Here's how the pipeline flows: Physics updates at 120Hz independent of the frame rate. Rendering reads from that physics state each frame via `useFrame`. Input gets raycasted to an invisible ground plane, converted to game coordinates. Game state gets dirty-checked every frame and synced to React state for the HUD. It's a one-way data flow from physics to rendering. The 3D components (BeamMeshes, TerrainMesh, DebrisMeshes, LiquidSurface, RainEffect, WindEffect, SkyBackground) all read, never write.

The constraint solver runs four iterations per physics tick. That's aggressive enough to keep your bridges stable but loose enough to feel organic when they fail. The debris system runs with damping, max fall distance checks, and rest detection so your broken beams don't bounce forever.

There's a `WORLD_SCALE` constant set to 0.1 with a Y-flip because the physics engine operates in pure 2D math space while rendering happens in 3D. This decoupling seems like overhead until you realize it means I can iterate on physics without touching the rendering pipeline, and I can swap visual styles without touching the solver. That separation of concerns paid for itself a hundred times over during development.

The puzzles themselves are static JSON configs. No backend. No runtime puzzle generation. Just 25 handcrafted scenarios stored locally and synced via local storage for player stats and streaks. The daily rotation is deterministic based on the date, so everyone gets the same puzzle every day and can compare scores.

Why This Matters

I've spent my career as a Lead Design Engineer focused on design systems, React architecture, and TypeScript patterns. That work is important. But there's something about building a game that scratches a different itch. It forces you to care about physics feel, visual feedback, moment-to-moment interaction, and the emotional arc of a moment in time. It's not about scaling to a thousand users or building a reusable component library. It's about whether someone feels joy or frustration in a specific instant.

Structle is the culmination of that tension. It's a serious technical project: a distributed rendering and physics pipeline, custom constraint solvers, optimization for mobile, real-time 3D graphics. But it's also a love letter to game development. I've been building interactive experiences since my computer graphics days at Syracuse. Solar system simulators, planet builders, educational gravity games. This game feels like a natural evolution of that trajectory.

The code is clean. The architecture is sound. The performance is good. But more than that, the puzzle design is intentional. Every terrain type creates a specific problem space. Night mode with its brutal beam budget teaches constraint thinking. Wind and River teach lateral thinking.
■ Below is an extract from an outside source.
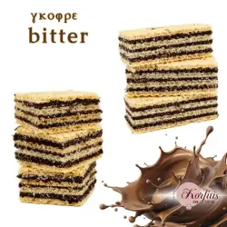 Γκοφρέτα γεμιστή bitter, διαθέσιμη σε 2 σχήματα:τετράγωνο και μακρόστενο.

Earthquake and Decay teach dynamic failure modes. The difficulty curve is intentional. The visual language is consistent.

What's Next

Structle is live right now. The core game is still a work in progress and running on Vercel. But this is the beginning of something bigger. I want to expand the puzzle library beyond twenty-five. I want to explore seasonal themes. I want to build a leaderboard system where people can compete on puzzle scores. I want to experiment with user-generated puzzles, which would require a backend architecture to validate and serve dynamic configurations.
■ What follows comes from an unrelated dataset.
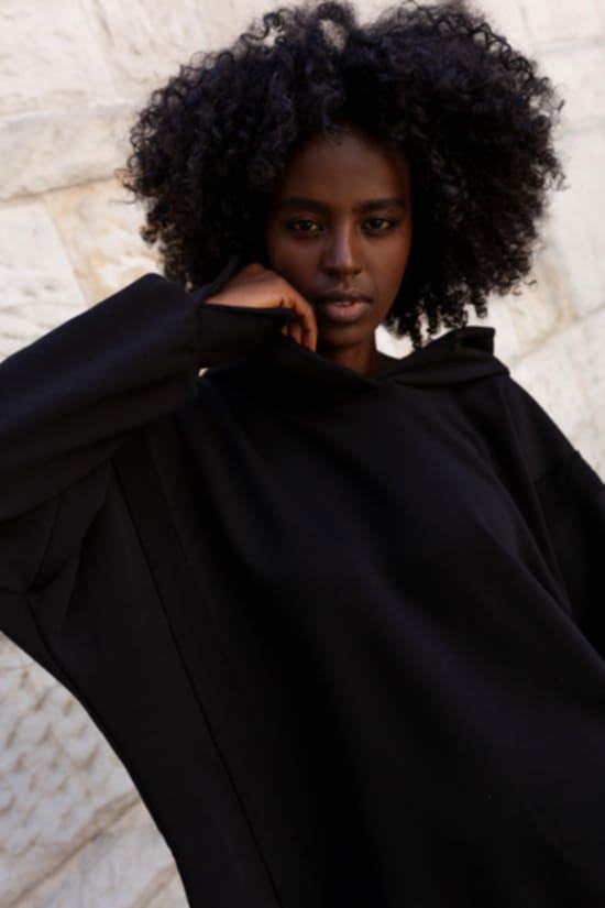 Luźna bluza z kapturem wyróżnia się:

There's also the question of platforms. Mobile-first is the current reality, but a desktop version would be interesting. And if the game gets traction, I want to explore what a game with this foundation can become when you add progression systems, narrative threads, or community features.
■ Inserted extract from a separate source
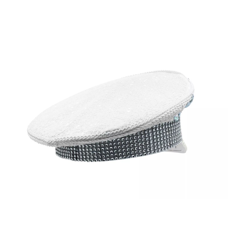 - White Iridescent Gem and Pearl Sequin Captains hat. Hat stands about 6 inches tall and is 10.5 inches long and wide.

But right now, what matters is that I've proven to myself that I can build a game, ship it, and have it feel complete and intentional. The technical foundation is solid. The design is clear. The physics feel right. Everything beyond that is iteration and growth. And after years of building design systems and component libraries, iteration and growth in service of pure fun feels like the right move.